How dare they complain? Perhaps they felt some compassionate conservatism rearing its ugly head from some deep nether region in their consciences. After all, wasn’t it such a terrible shame that poor dear George had to sit there like a pinned bug in a specimen collection, and take it? He was stuck – strategically positioned in a prime seat up on stage within a yo-yo’s arc of the podium from which the anti-Bush fire and brimstone emitted. An ironic, latter-day twist on the Scriptural passage that warns “the last shall be first and the first shall be last.” Furthermore, Bush had to know he was on camera the whole time, even while he smirked, grimaced, tried to fake a congenial good-sport smile, and flipped through his program hoping all the unpleasantness might just go away if he didn’t look directly at it. La-la-la-la-la, I can’t hear you! I’m busy reading my little magazine here. And so’s my wife! What page you on, Laura honey? Sorry, George. Even the all-powerful don’t dominate everything. Or shield you from what you have coming to you.

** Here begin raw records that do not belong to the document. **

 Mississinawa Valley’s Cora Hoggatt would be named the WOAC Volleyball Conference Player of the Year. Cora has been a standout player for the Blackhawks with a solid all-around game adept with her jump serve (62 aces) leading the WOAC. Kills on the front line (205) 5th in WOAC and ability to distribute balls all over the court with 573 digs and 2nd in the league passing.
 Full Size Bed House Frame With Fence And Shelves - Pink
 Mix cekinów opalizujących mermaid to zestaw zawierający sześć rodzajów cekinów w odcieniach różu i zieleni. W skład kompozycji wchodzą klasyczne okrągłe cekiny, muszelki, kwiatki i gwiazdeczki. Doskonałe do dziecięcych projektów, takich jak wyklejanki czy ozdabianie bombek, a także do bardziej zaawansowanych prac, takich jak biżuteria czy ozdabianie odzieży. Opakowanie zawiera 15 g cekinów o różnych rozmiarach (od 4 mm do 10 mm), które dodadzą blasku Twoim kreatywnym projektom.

What a shame that he had to sit there and remain calm while the smart remarks and snide comments pummeled him. The Reverend Lowery hit one rawther large bull’s eye: "We know now there were no weapons of mass destruction over there. But Coretta knew, and we knew, that there are weapons of misdirection right down here. Millions without health insurance. Poverty abounds. For war, billions more, but no more for the poor."

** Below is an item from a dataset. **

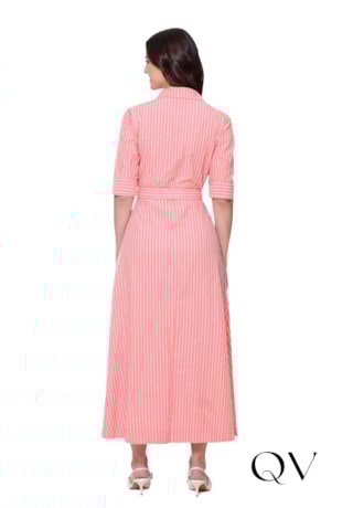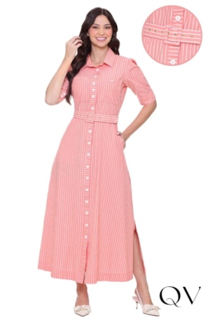 VESTIDO CHEMISE LISTRADO EM TRICOLINE ROSA E OFF WHITE - LEKAZIS

If that wasn’t stinging enough, by itself, Jimmy Carter threw a beauty of a one-two punch – at two of Bush’s tenderest vulnerabilities: "This commemorative ceremony this morning and this afternoon is not only to acknowledge the great contributions of Coretta and Martin, but to remind us that the struggle for equal rights is not over…We only have to recall the color of the faces of those in Louisiana, Alabama and Mississippi, those who were most devastated by Katrina, to know that there are not yet equal opportunities for all Americans." Not only that, but "It was difficult for them personally, with the civil liberties of both husband and wife violated as they became the target of secret government wiretapping, other surveillance, and as you know, harassment from the FBI."